The set I’ve been working on offers a good opportunity for a little instructional aside.  You know how variegated yarn sometimes acts very differently from one project to the next?  I’ve got a lovely little demonstration of why.

You may recall I’m worried about running short of yarn on this project. So because I’m going to be using every inch of the yarn I have, I’m trying to be reasonably clever.  Once the cowl got to be just long enough, I put it aside on an extra needle and moved on to the hat.  The plan was to make the hat, make the mitts, then come back to the cowl and add as much length as I can with whatever yarn I have left.

You’ve seen the finished hat, and you saw how I made a band of the textured stitch, wrapped it around my head, picked up stitches, and started working up to make the top of the hat.  The band of textured stitches is narrower on the hat than on the cowl, and as I started knitting it, I noticed something interesting.  Let’s take a look (it’s snowy outside, hence the background being all blown out, this is an instructional shot not a glamor shot, so please bear with me).

repeatSo over on the right, we’ve got the cowl.  Look how the colors stack up in a lovely progression of orderly stripes that reach half way across the fabric.  The colors cycle in order right up the length of the piece.  Now, in the middle, we’ve got the band for the hat. (Plus a few rows of stockinette being all super curly there on the right side of the hat band.  They are the start of that ‘pick up stitches along one side bit,’ and are knit with another strand of yarn.  Just ignore them here.)  Look at how the colors stack up on this one.  Instead of making stripes, they make big solid masses of color that cycle very slowly along the length of the piece.  And over on the far left is the skein of yarn, just so you can see how the colors cycle on it.

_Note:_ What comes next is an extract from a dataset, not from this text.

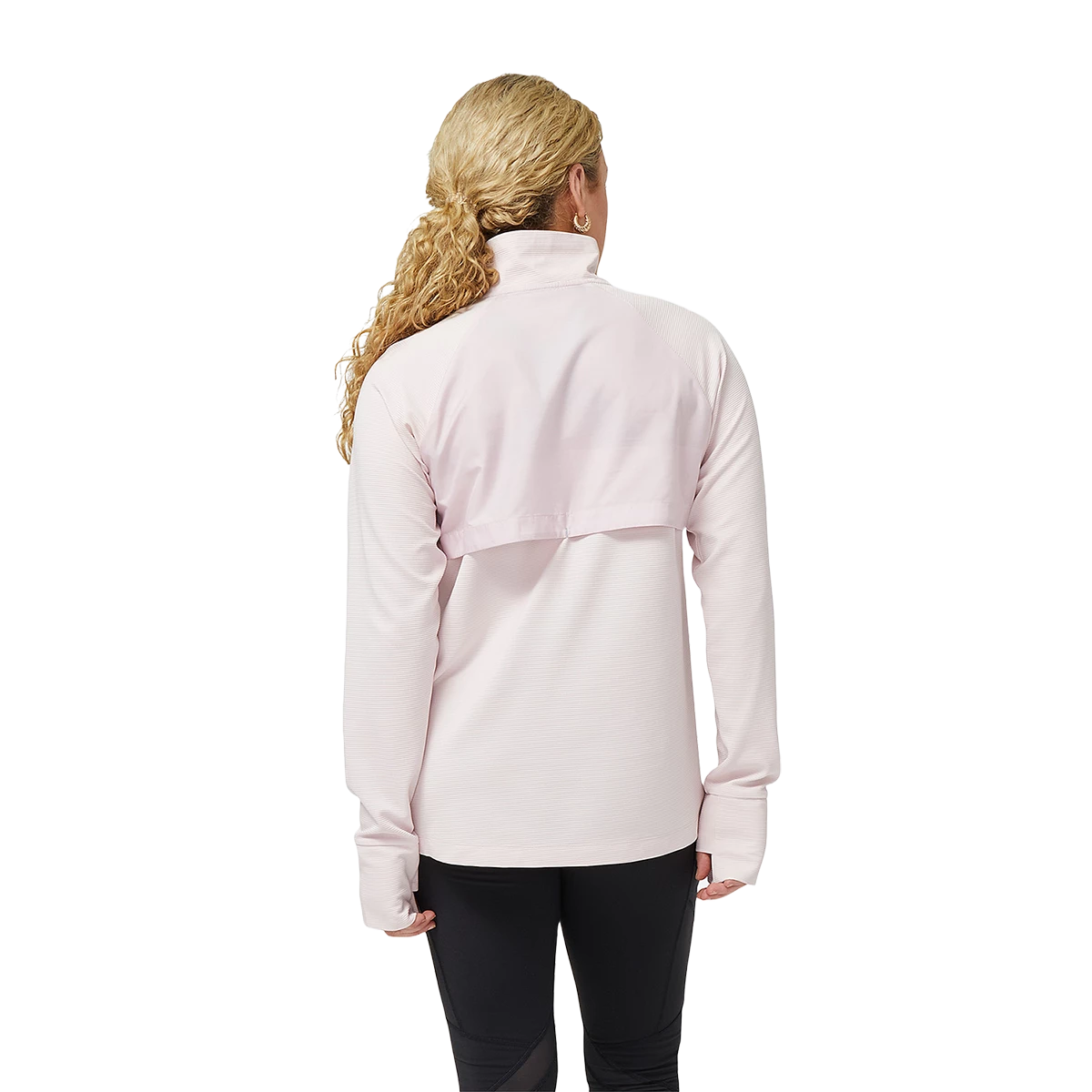 The New Balance Q Speed Shift 1/2 Zip is made with textured warming fabric to help keep you comfy no matter where you want to run. This women’s half-zip layer features a relaxed fit and power mesh-lined protective woven venting on the back for added airflow. Reflective trim catches the light for a sleek, stylish look.

So what’s going on?  It all has to do with the relationship between how much yarn it takes to do a row of knitting and how much yarn it takes to get through the colors on the loop of yarn.  Let’s start with the yarn.  Look at the top of the loop, right where it changes color from peach to light green.  If you follow around the loop you’ll see light green, dark green, brown, peach, and then back to light green.

On the hat band, a pair of rows (one right-side and one wrong-side) used about an inch less yarn than it takes to go through the yarn’s color progression.  So every time I worked a pair of rows, the color changes crept a bit (just about one stitch) farther across the piece.  On the cowl, a pair of rows (again, one right-side and one wrong-side) used about one and a half times as much yarn as it takes to get through the yarn’s color progression.  That led to the tidy stripes you see there.

Both effects are lovely, but if you don’t understand why they’re happening, it can be a bit perplexing.  But once you do understand it, you can use it to your advantage.  If I wanted to change how one of the pieces was cycling, I could either add or subtract stitches.  That would change the relationship between how much yarn it takes to do a pair of rows and how much yarn it takes to get through all the colors.  Just something as simple as adding an extra edging stitch on each side would make a big difference.  The cowl is 8 stitches wider than the hatband, and you see how much of a difference that makes.

For me, that sort of obsessive fiddling leads to insanity, but I do feel better knowing I could do it if I really really wanted to.